Betrayed Bride's New Life
Betrayed Bride's New Life Chapter 1
The afternoon sun streamed through the stained glass windows of Château Marmont's chapel, casting rainbow prisms across my $15,000 Vera Wang gown. Two hundred guests filled the pews behind me, their whispered conversations creating a gentle hum of anticipation. I stood at the altar, my hands trembling slightly as I held Roman's, gazing into his dark eyes that had captivated me for three years.
"Do you, Lauren Franklin, take Roman Bishop to be your lawfully wedded husband?" The officiant's voice seemed to echo from a great distance.
My heart hammered against my ribs as I opened my mouth to say the words I'd dreamed of saying since Roman first proposed on the beach in Malibu. "I do—"
A voice, clear and haunting, cut through the sacred silence like a blade.
"I'm going under and this time I fear there's no one to save me..."
The melody of Lewis Capaldi's "Someone You Loved" filled the chapel, but it wasn't coming from the hired string quartet. My blood turned to ice as I recognized the voice—Reina Garcia, my childhood friend, rising from the third row like a specter from my past.
Gasps rippled through the congregation. Roman's hands went rigid in mine, his eyes widening as he turned toward the sound. The officiant's mouth fell open, his prayer book forgotten.

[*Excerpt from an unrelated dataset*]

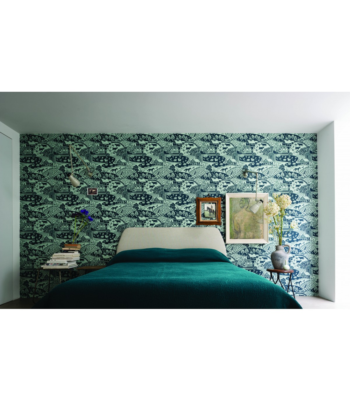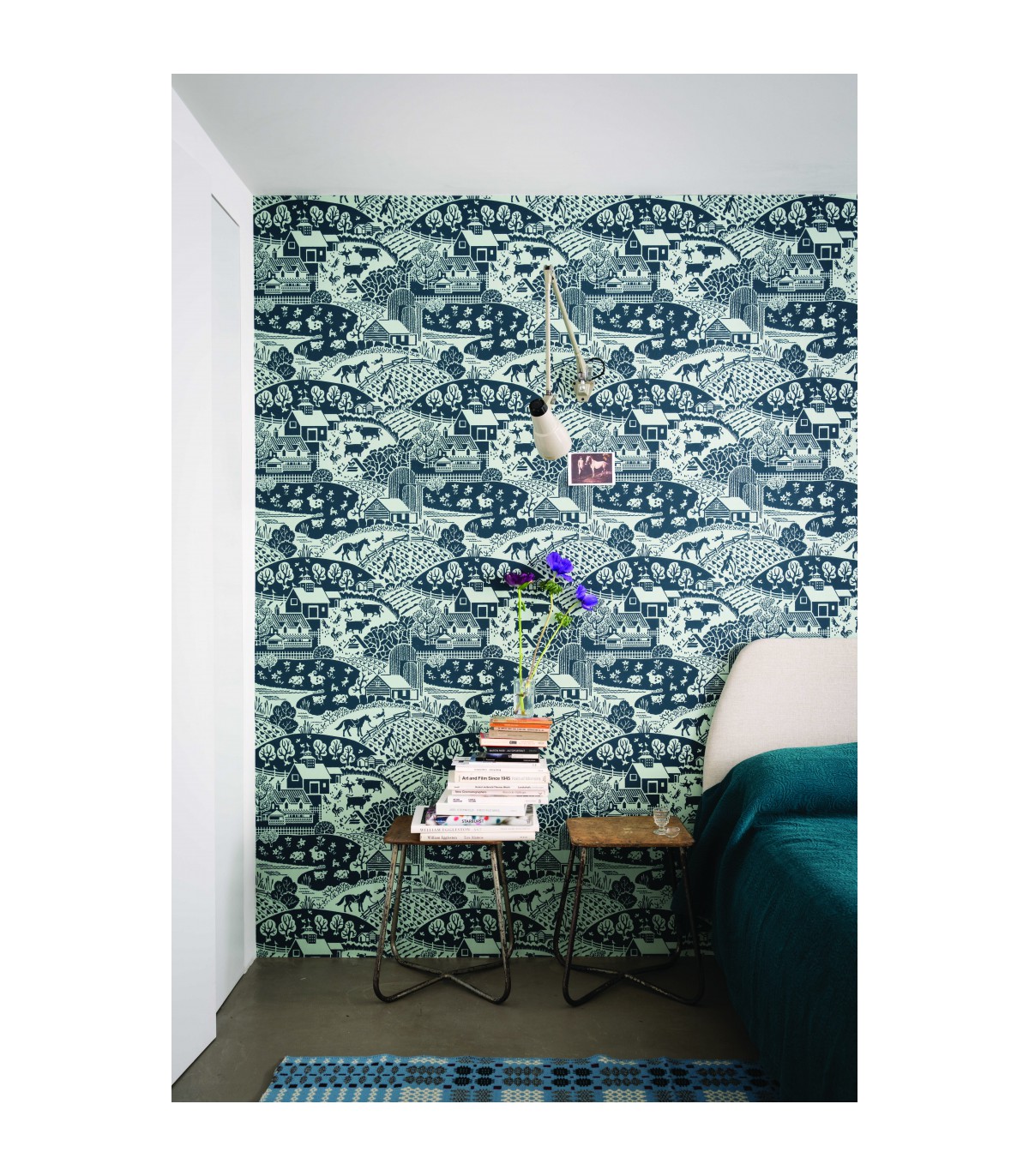 "Représentant une scène champêtre pleine de charme constituée de champs labourés, de clôtures et d’animaux de la ferme, Gable restitue parfaitement la candeur d’une époque où la vie était plus simple. Ce dessin aux motifs entremêlés est parsemé de détails ludiques qui stimulent l’imaginaire.

"This all or nothing really got a way of driving me crazy..." Reina's voice cracked with raw emotion, tears streaming down her face as she stepped into the aisle. Her emerald bridesmaid dress—the same dress I'd chosen for her, paid for with my own money—seemed to mock me as she moved closer to the altar.

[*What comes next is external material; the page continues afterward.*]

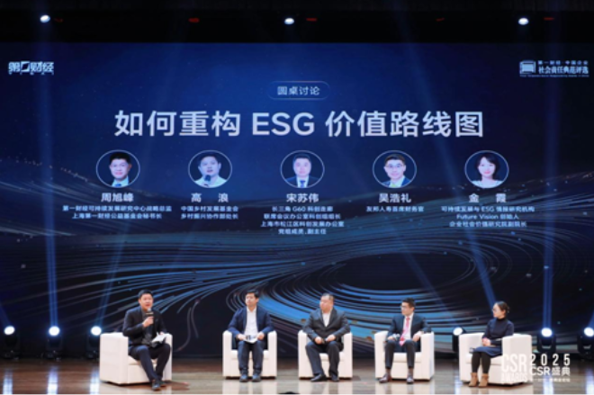 圓桌對話環節以“如何重構ESG價值路線圖”為主題,由第一財經可持續發展研究中心戰略總監、上海第一財經公益基金會秘書長周旭峰與中國鄉村發展基金會鄉村振興協作部處長高浪,長三角G60科創走廊聯席會議辦公室科創組組長、上海市松江區科創發展辦公室黨組成員、副主任宋蘇偉,友邦人壽首席財務官吳浩禮,可持續發展與ESG情報研究機構Future Vision 創始人、企業社會價值研究院副院長金霞共同展開探討。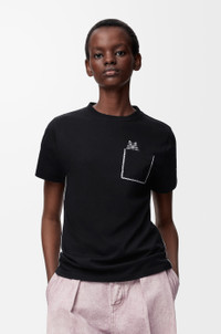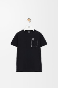 T-shirt in lightweight cotton featuring a Futurist cat embroidery on the chest and hand-embroidered piping. This T-shirt is inspired by Louis Wain's "Futurist Cats" porcelain vase series. - Regular fit, regular length - Crew neck - Anagram embroidery placed on the chest pocket Colour: Black Main material: Cotton Weight: 0.16 kg Made in: Portugal Materials & care Main Material: 100% cotton

"What is she doing?" I whispered, my voice barely audible over the pounding of my heart. But Roman wasn't looking at me anymore. His gaze was fixed on Reina with an expression I'd never seen before—wonder, longing, something that made my stomach plummet.
"I need somebody to heal, somebody to know, somebody to have just to know how it feels..." Reina's voice grew stronger, more desperate, as she reached the front of the chapel. "Roman, I've loved you since we were teenagers. I've loved you through every moment, every breath, every heartbeat. I can't watch you marry someone else when my soul belongs to you."

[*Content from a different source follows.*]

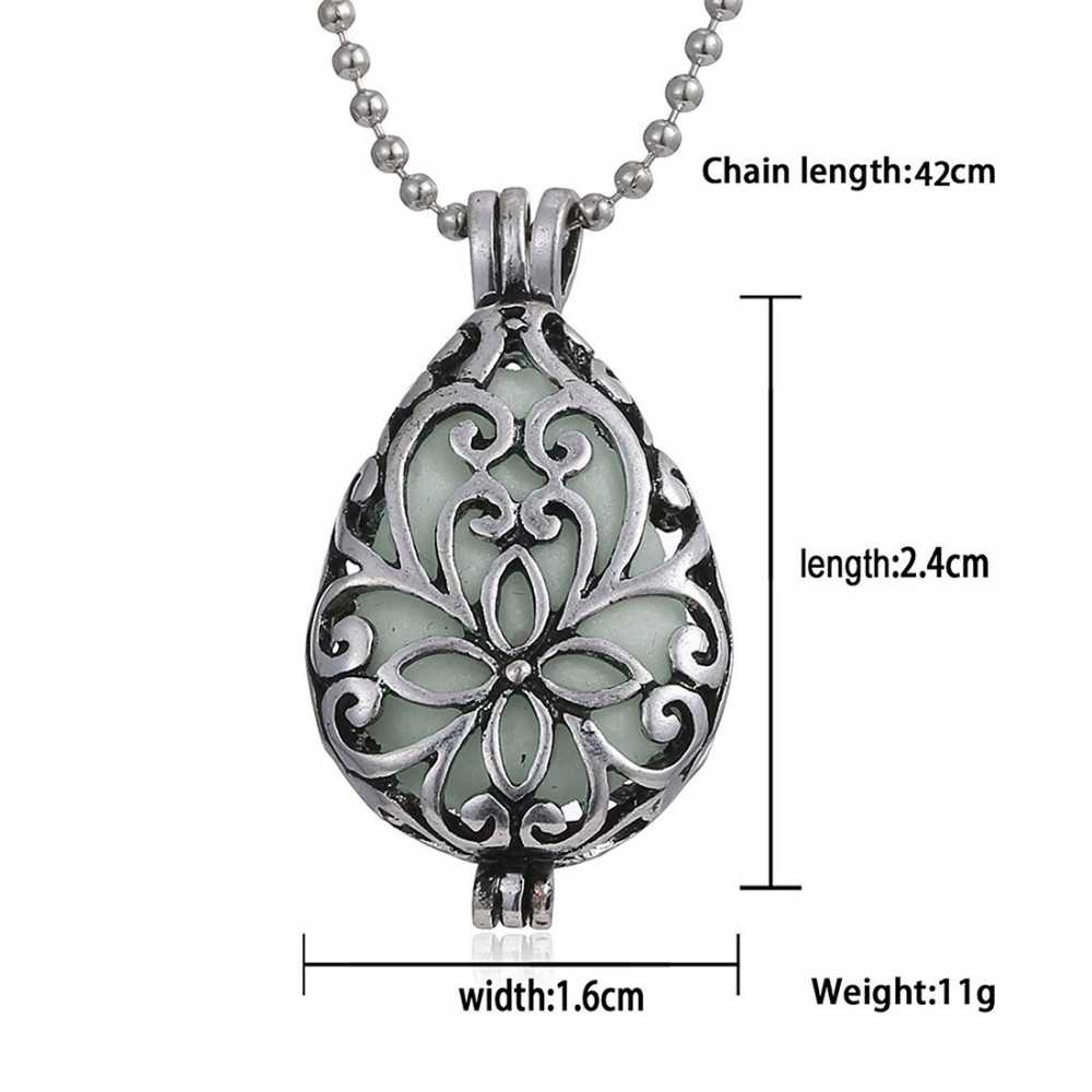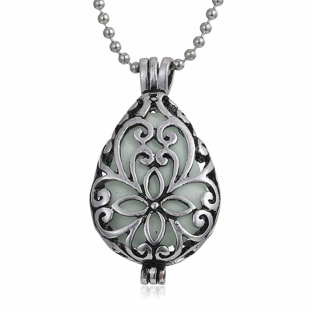 Women's Glow In The Dark Openwork Teardrop Pendant With Chain

The chapel erupted in shocked murmurs. My father half-rose from his seat in the front row, his face a mask of fury and disbelief. Emerson Mills gripped the pew in front of her, her knuckles white.
But Roman... Roman was staring at Reina like she'd just offered him salvation.
"Roman," I breathed, squeezing his hands desperately. "Roman, look at me."
He turned, and the man I thought I knew—the man I'd elevated to Regional Manager at my father's company, the man I'd bought a house for, given a car to, planned a future with—was gone. In his place stood a stranger whose eyes held no recognition of the woman he'd been about to marry.
"I'm sorry, Lauren," he said, his voice thick with emotion I'd never heard him use for me. "I... I can't do this."
The words hit me like physical blows. "What are you saying?"
Roman pulled his hands free from mine and stepped back. The movement sent my $50,000 engagement ring sliding down my finger—the ring that had taken me months to design, that I'd thought symbolized forever.
"I'm saying I've been lying to myself," Roman said, his gaze drifting back to Reina. "To you. To everyone."
He walked down the altar steps, each footfall echoing like thunder in the stunned silence. My legs felt like water as I watched him approach Reina, who was still singing through her tears.
"It's going under and this time I fear there's no one to turn to..."
Roman reached Reina and cupped her face in his hands, silencing her song. "I choose you," he whispered, but his words carried in the chapel's acoustics. "I choose you, Reina."
Then he turned back to me, and with movements that seemed to happen in slow motion, he slid my engagement ring—my grandmother's diamond reset in platinum, the symbol of three generations of Franklin women—off my finger and placed it on Reina's.
The chapel exploded into chaos. Guests were on their feet, some shouting, others gasping. But I stood frozen at the altar, watching my fiancé claim another woman with my ring, in my wedding dress, in front of everyone I'd ever cared about.
The humiliation crashed over me like a tidal wave, followed immediately by a rage so pure it burned away everything else. I looked at Roman and Reina, standing together in their stolen moment, and something inside me crystallized into diamond-hard resolve.
I bent down, picked up my white rose bouquet from where it had fallen, and hurled it at Roman's feet with all the force I could muster.
"This wedding is over," I announced, my voice cutting through the chaos with surgical precision. "And so are we."